The environment can now be tested. Verify first that DNS lookups work as expected. The IP address should correspond to the cache node that is both healthy and has the shortest distance from the client.

$ dig cdn.example.com
[...]
;; QUESTION SECTION:
;cdn.example.com.        IN    A

;; ANSWER SECTION:
cdn.example.com.    30    IN    A    192.168.3.11
[...]

Enable tracing to get information about the delegation path all the way from the root name servers down to the CDN nodes: dig +trace cdn.example.com.

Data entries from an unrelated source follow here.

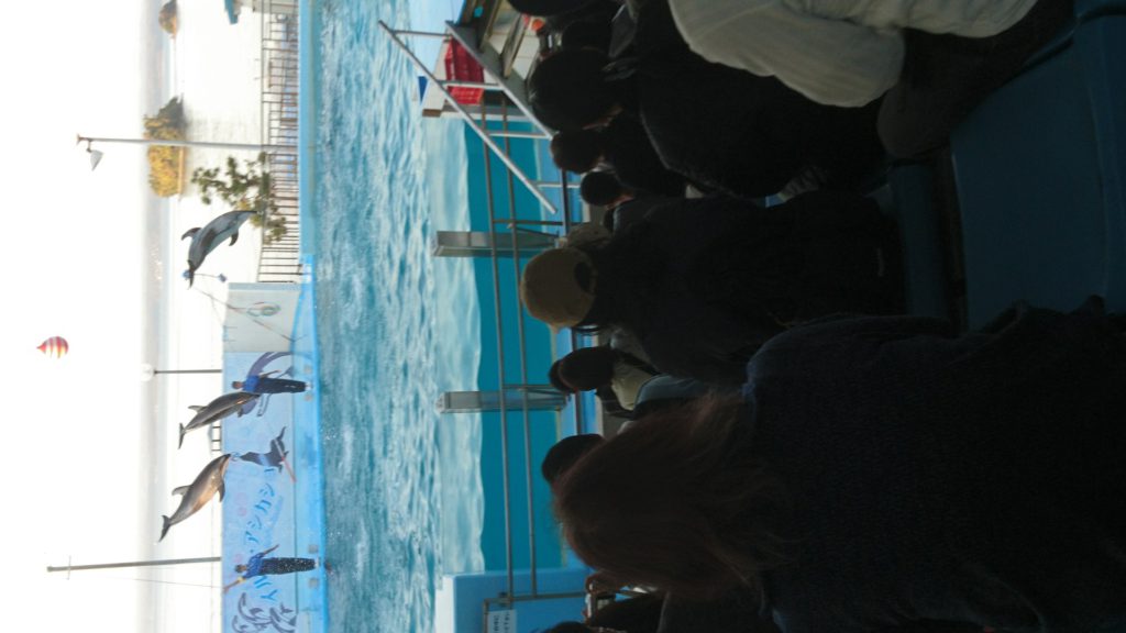 大水槽では、ジンベイザメのお出迎えに「ほらほら来たよ」と皆さん写真撮影。迫力のイルカ・アシカショーでは、大人も子供も歓声を上げていました。
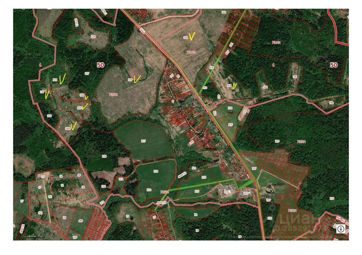 Продаются земельные участки сельскохозяйственного назначения в д.Бухолово и Кобылино, г.о.Шаховская, Московской области (на картинке отмечены желтым цветом).
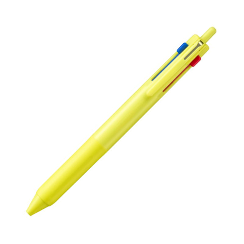 This is the first multi-colour ballpoint pen to adopt a new mechanism for knocking the black ink at the rear end. This mechanism allows you to knock the black ink without hesitation. The red and blue inks use the same slide knock mechanism as before, but the new mechanism will enable you to advance and release the ink regardless of which colour is advanced.
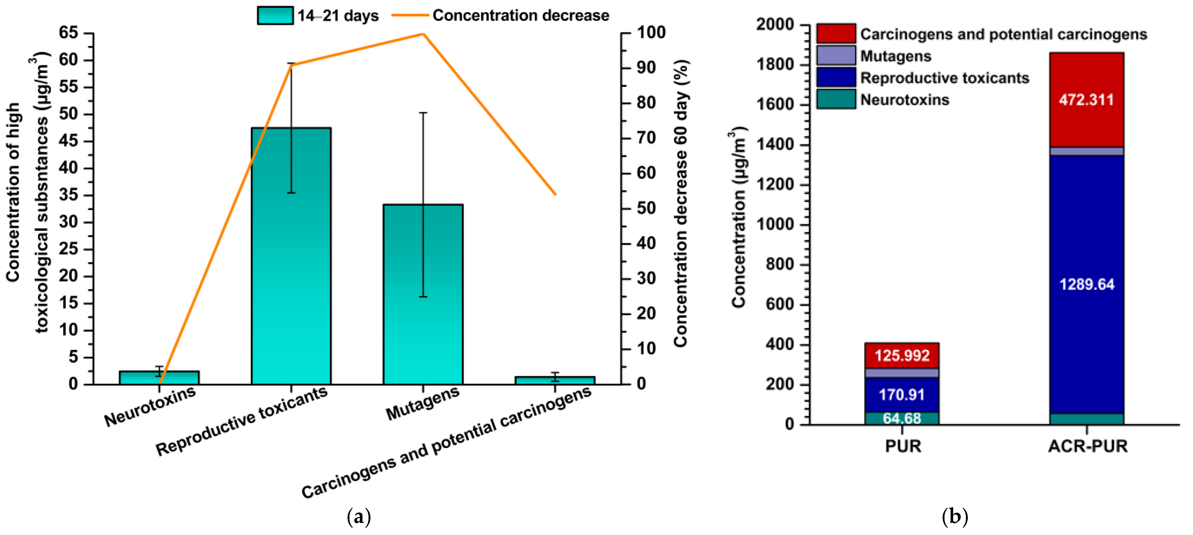 | Reproductive toxicants | Toluene, styrene, phthalates | Acrylate–polyurethane (toluene, styrene), Polyurethane (phthalates) |
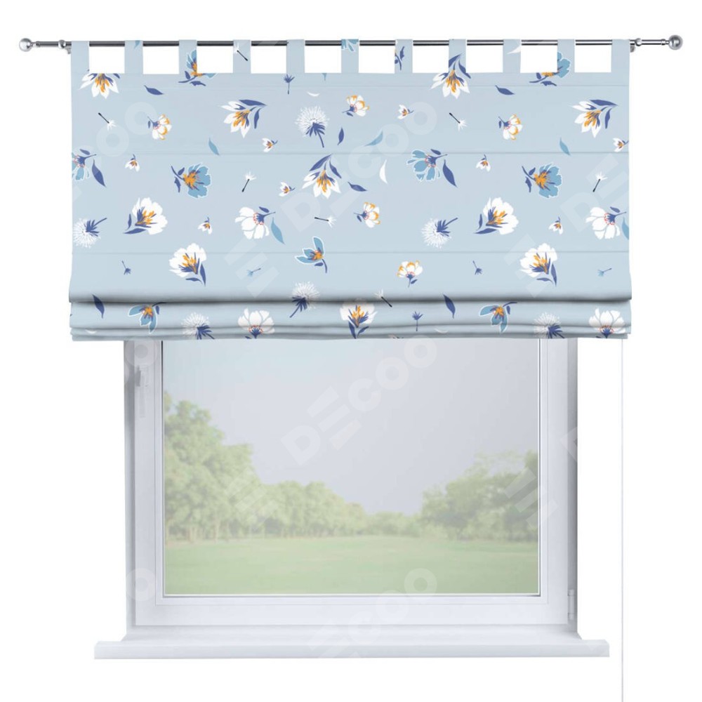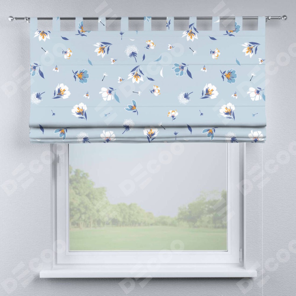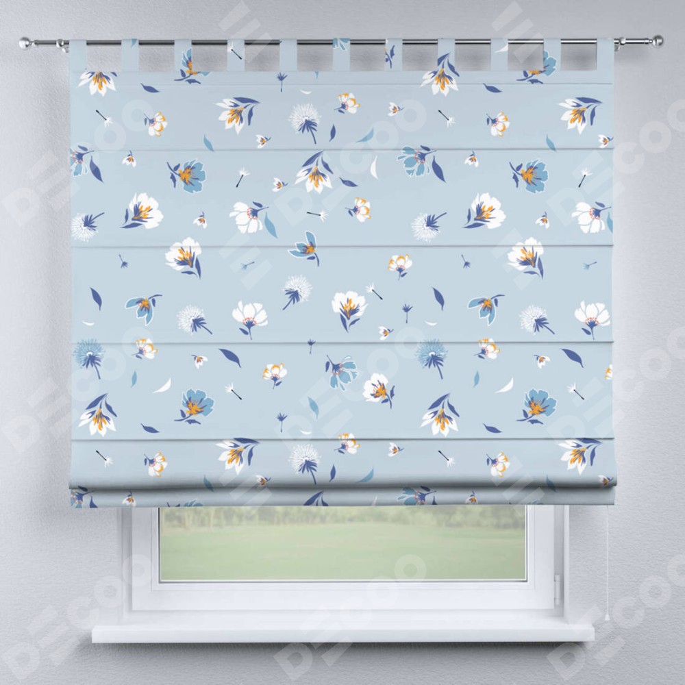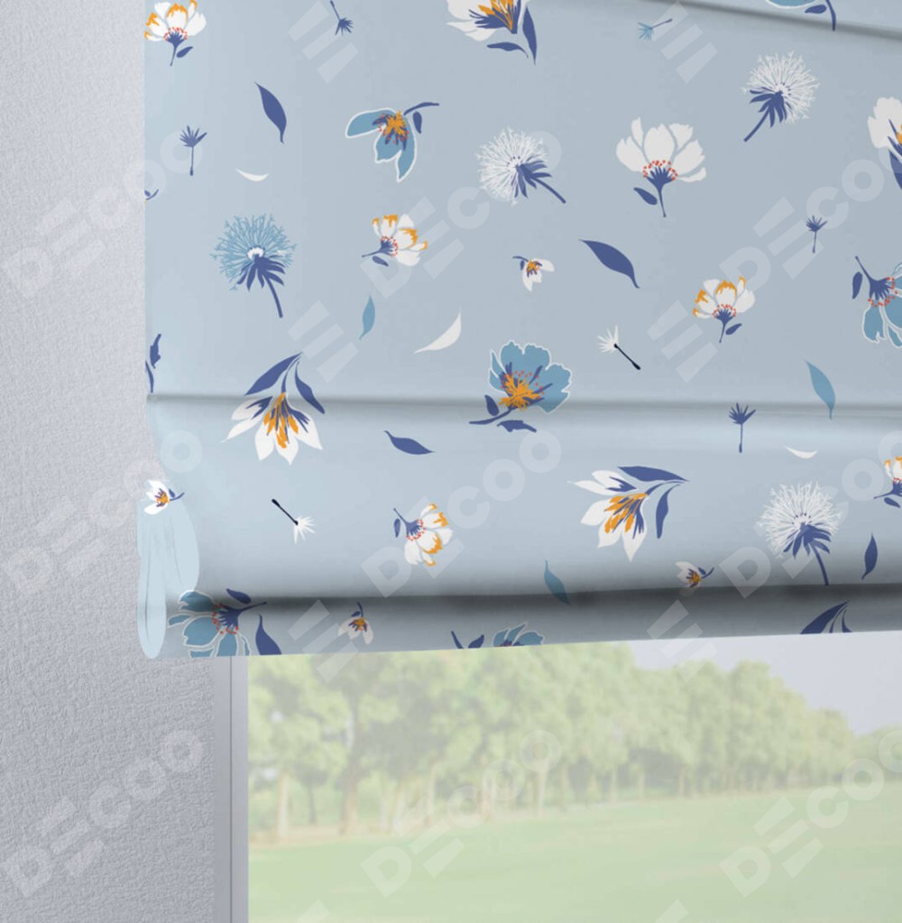 Римская штора на петлях «Голубые цветы»

Verify that a client is able to get DNS responses if one of the DNS servers are unavailable. Unavailability of single DNS servers may affect the latency of the DNS responses, but should not affect the availability of the DNS service.

Operations and monitoring

Given the VCL example above, individual cache nodes can be drained in a non-disruptive way by creating the file /etc/varnish/maintenance on a cache node. If this file exists on a cache node, the DNS servers will stop sending clients to this node. Existing clients will go to other nodes as soon as the DNS entry expires and is refreshed. Simply remove the file to let the cache node back into active duty again.

Health monitoring of the DNS nodes can be done using the check_dns plugin for Nagios and the built-in Prometheus interface from PowerDNS. For more information about managing PowerDNS, please refer to the PowerDNS documentation.

Conclusion

This tutorial shows how a simple and self-hosted DNS based GSLB can be set up to balance clients between multiple data centers. It takes the location of the client and the health of the cache nodes into account.

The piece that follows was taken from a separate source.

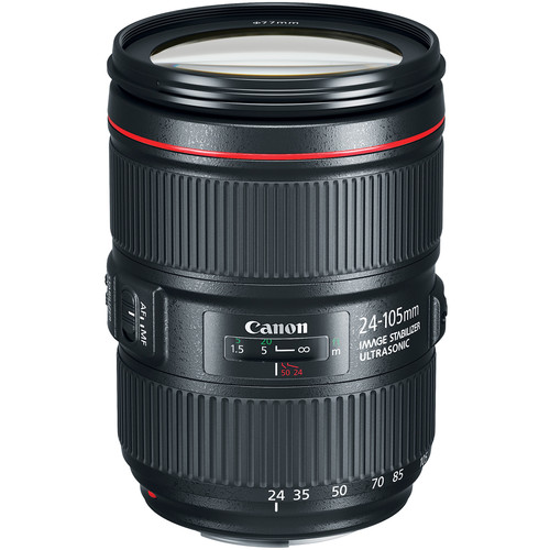 The body has been further refined for comfort and ease of access, as well as durability and weather resistance. The Canon N3 remote port has been relocated to the front of the camera body and they have added both GPS and Wi-Fi with NFC to make this model a connected camera. This kit bundles the camera with the EF 24-105mm f/4L IS II USM Lens, an updated version of one of the most popular zoom lenses ever available in Canon’s lens lineup. Offering an extremely versatile 24-105mm zoom range as well as a constant f/4 maximum aperture, users can shoot a variety of subjects with ease. This model also features improved peripheral illumination compared to its predecessor.

For more advanced use cases, this setup can be extended in several ways. Examples of next steps are:

  • to expose the DNS servers using anycast,
  • put the cache nodes behind layer 4 load balancers (with DR/DSR) to provide a single point of entry in each data center,
  • and/or take utilization of each cache node into account.